ACTIVITY
Transcribe the records below from the first line to the line that includes "Гнездо крупным планом", inclusive, and omit the pictures.

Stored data
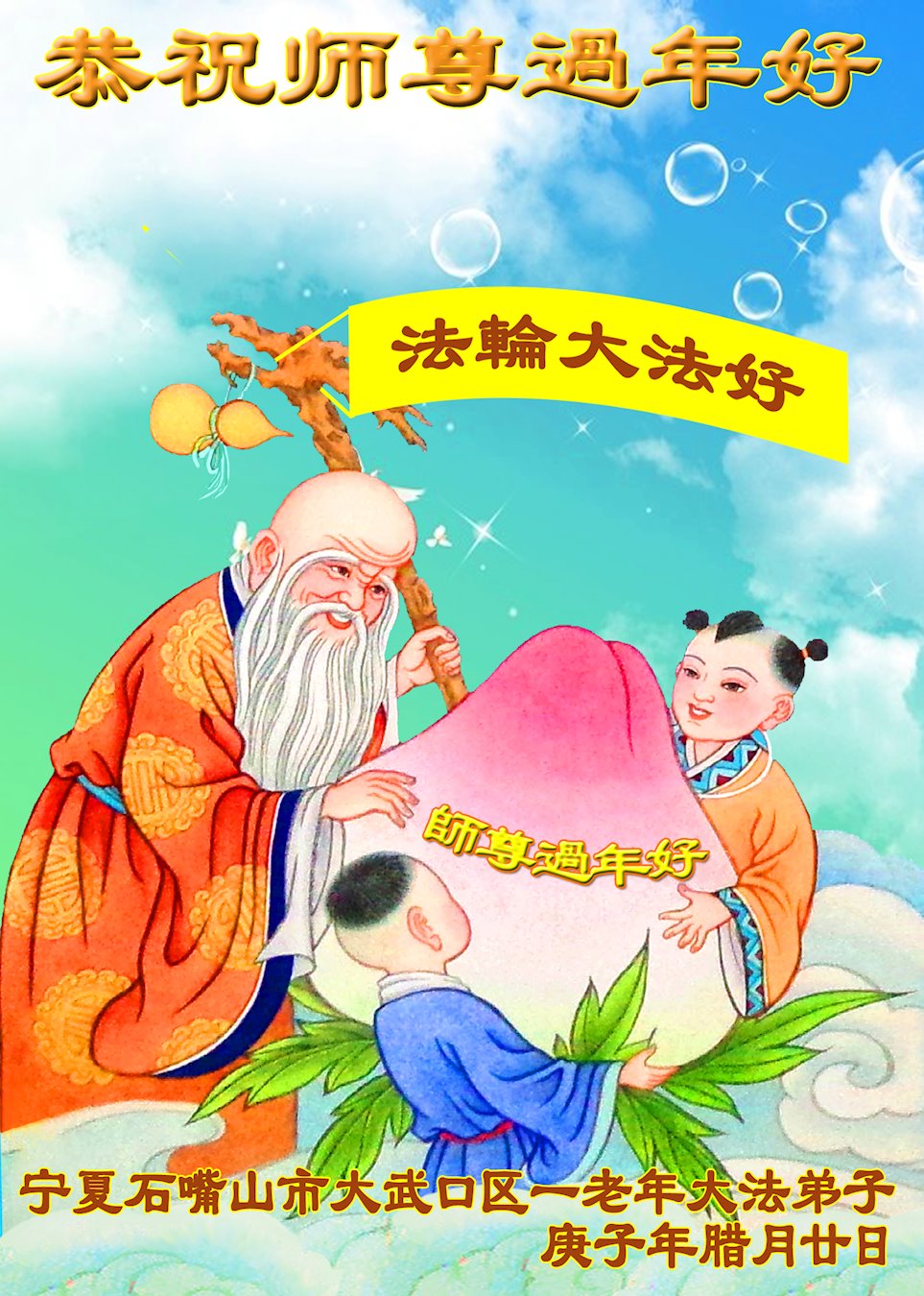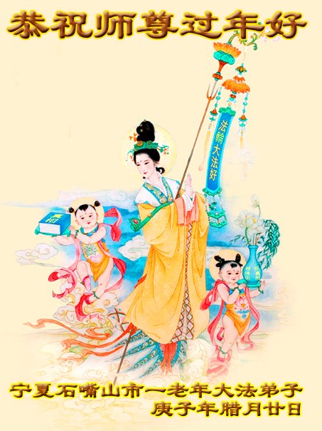 宁夏石嘴山市一老年大法弟子恭祝慈悲伟大的师尊过年好!
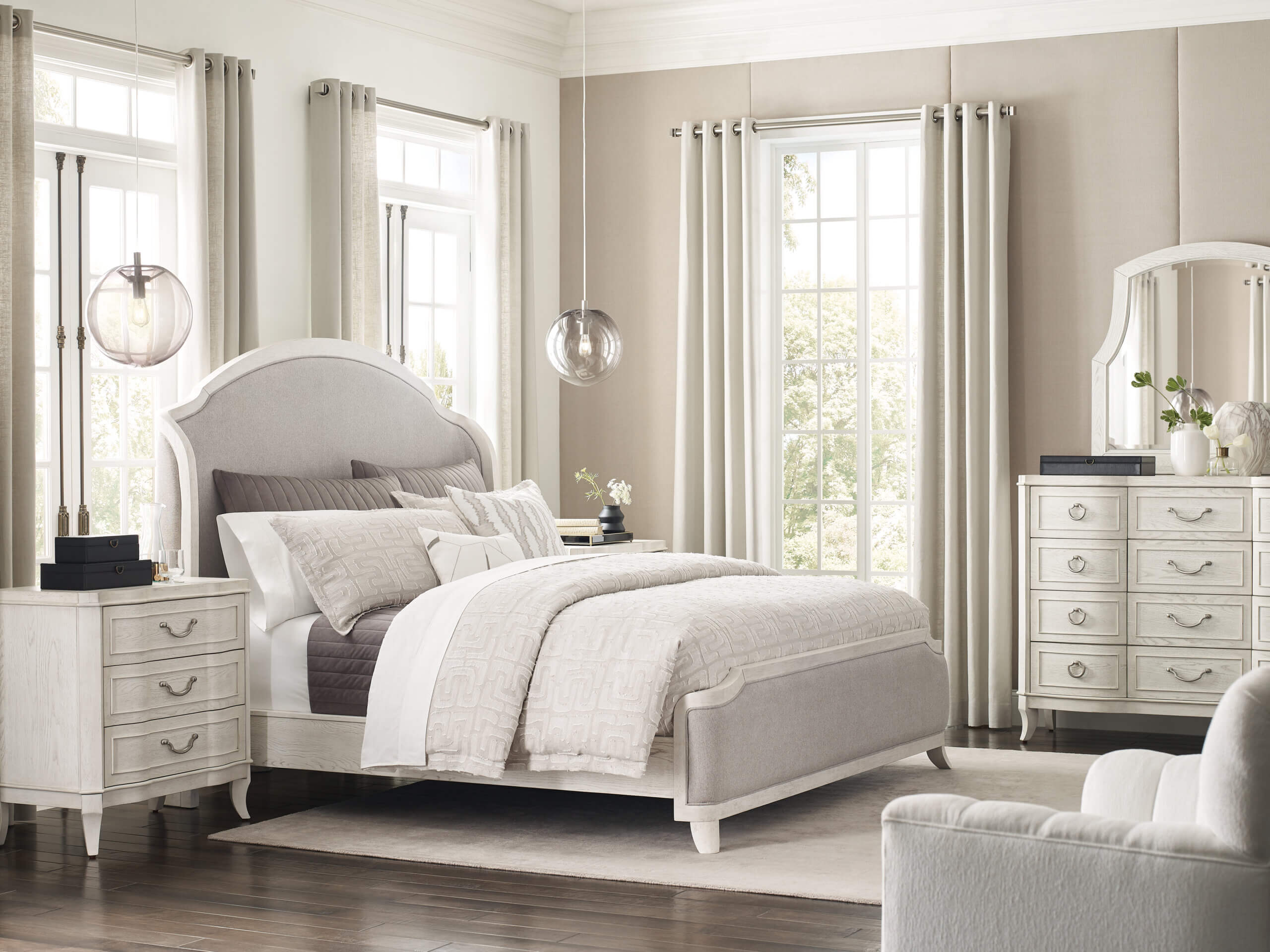 Inspired by a move toward casually elegant sensibilities, the Harmony Collection creates an easy-going nature while retaining a look that is very sophisticated. This balance is a great way to keep the décor comfortable to live in without being sloppy or careless. To achieve this, Harmony takes advantage of the natural wood grain in split heart White Oak veneers, and sets that against the bold backdrop of an Eggshell White finish. This character is accentuated across a range of interesting lines and details such as serpentine fronts and the curved shapes found throughout the collection. The result is both refined and relaxed.
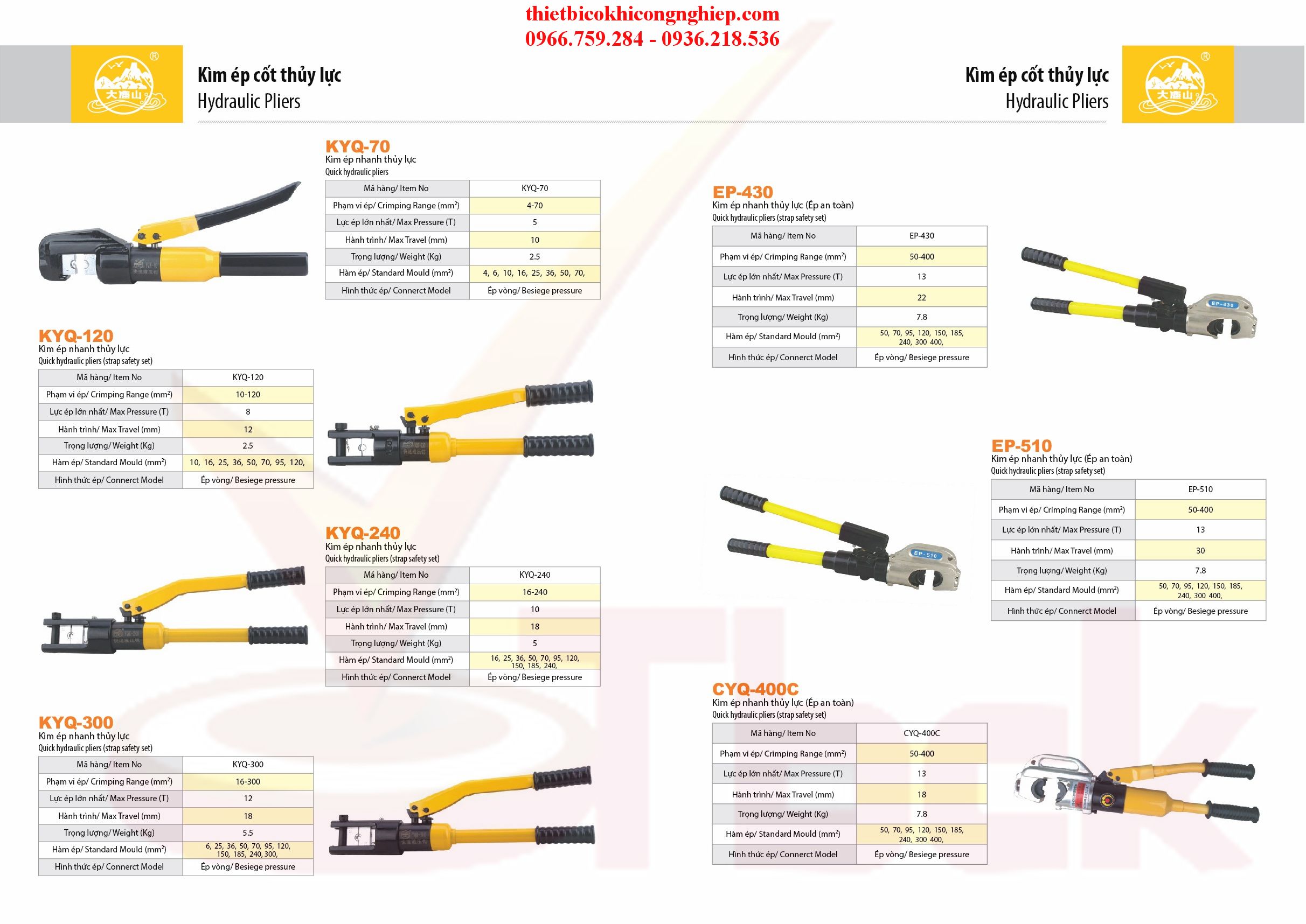 Khuôn ép(mm2): 35, 50, 70, 95, 120, 150, 185, 240, 300
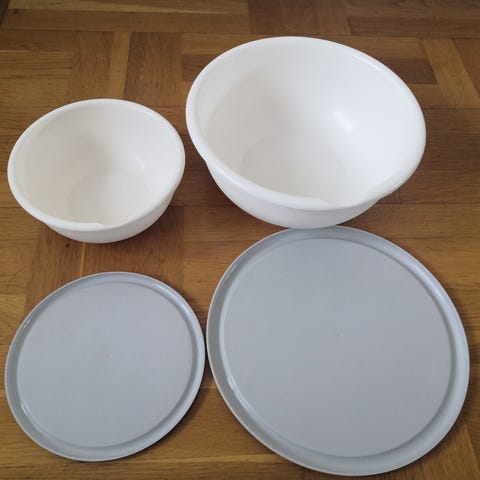 5 kpl vihreä-valkoisia kulhoja. Kahdessa kulhossa lohkeamat.
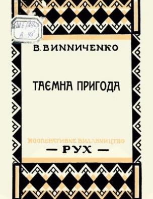 Таємна пригода [Електронна копія] / В. Винниченко. Електрон. текст. дані (1 файл : 15,5 Мб). Київ : Рух, 1927 (Київ: НБУ ім. Ярослава Мудрого, 2017).
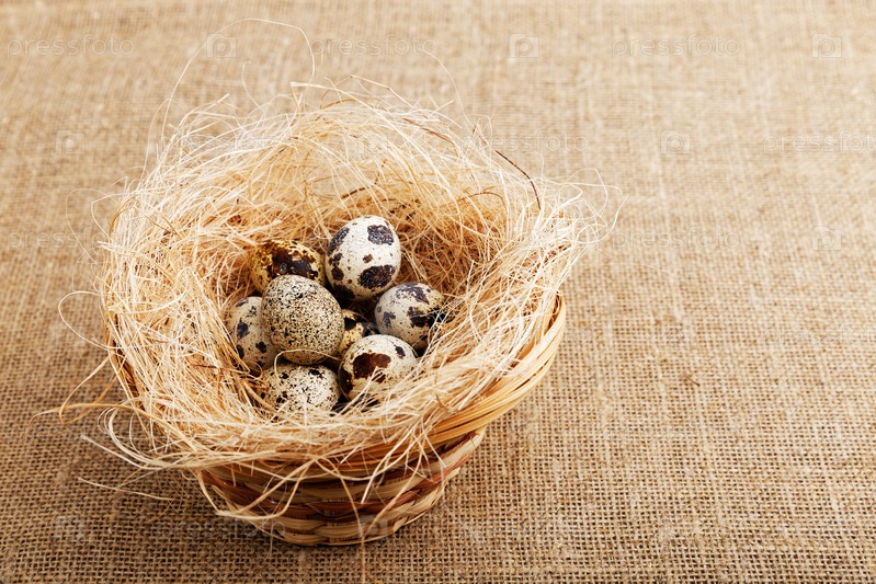 Гнездо крупным планом с маленькими пятнистыми перепелиными яйцами
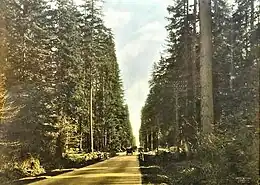 Hand-tinted photograph of Green Timbers, along Pacific Highway (now Fraser Highway) in Surrey. 1923 to 1927.

REPLY
 宁夏石嘴山市一老年大法弟子恭祝慈悲伟大的师尊过年好!
 Inspired by a move toward casually elegant sensibilities, the Harmony Collection creates an easy-going nature while retaining a look that is very sophisticated. This balance is a great way to keep the décor comfortable to live in without being sloppy or careless. To achieve this, Harmony takes advantage of the natural wood grain in split heart White Oak veneers, and sets that against the bold backdrop of an Eggshell White finish. This character is accentuated across a range of interesting lines and details such as serpentine fronts and the curved shapes found throughout the collection. The result is both refined and relaxed.
 Khuôn ép(mm2): 35, 50, 70, 95, 120, 150, 185, 240, 300
 5 kpl vihreä-valkoisia kulhoja. Kahdessa kulhossa lohkeamat.
 Таємна пригода [Електронна копія] / В. Винниченко. Електрон. текст. дані (1 файл : 15,5 Мб). Київ : Рух, 1927 (Київ: НБУ ім. Ярослава Мудрого, 2017).
 Гнездо крупным планом с маленькими пятнистыми перепелиными яйцами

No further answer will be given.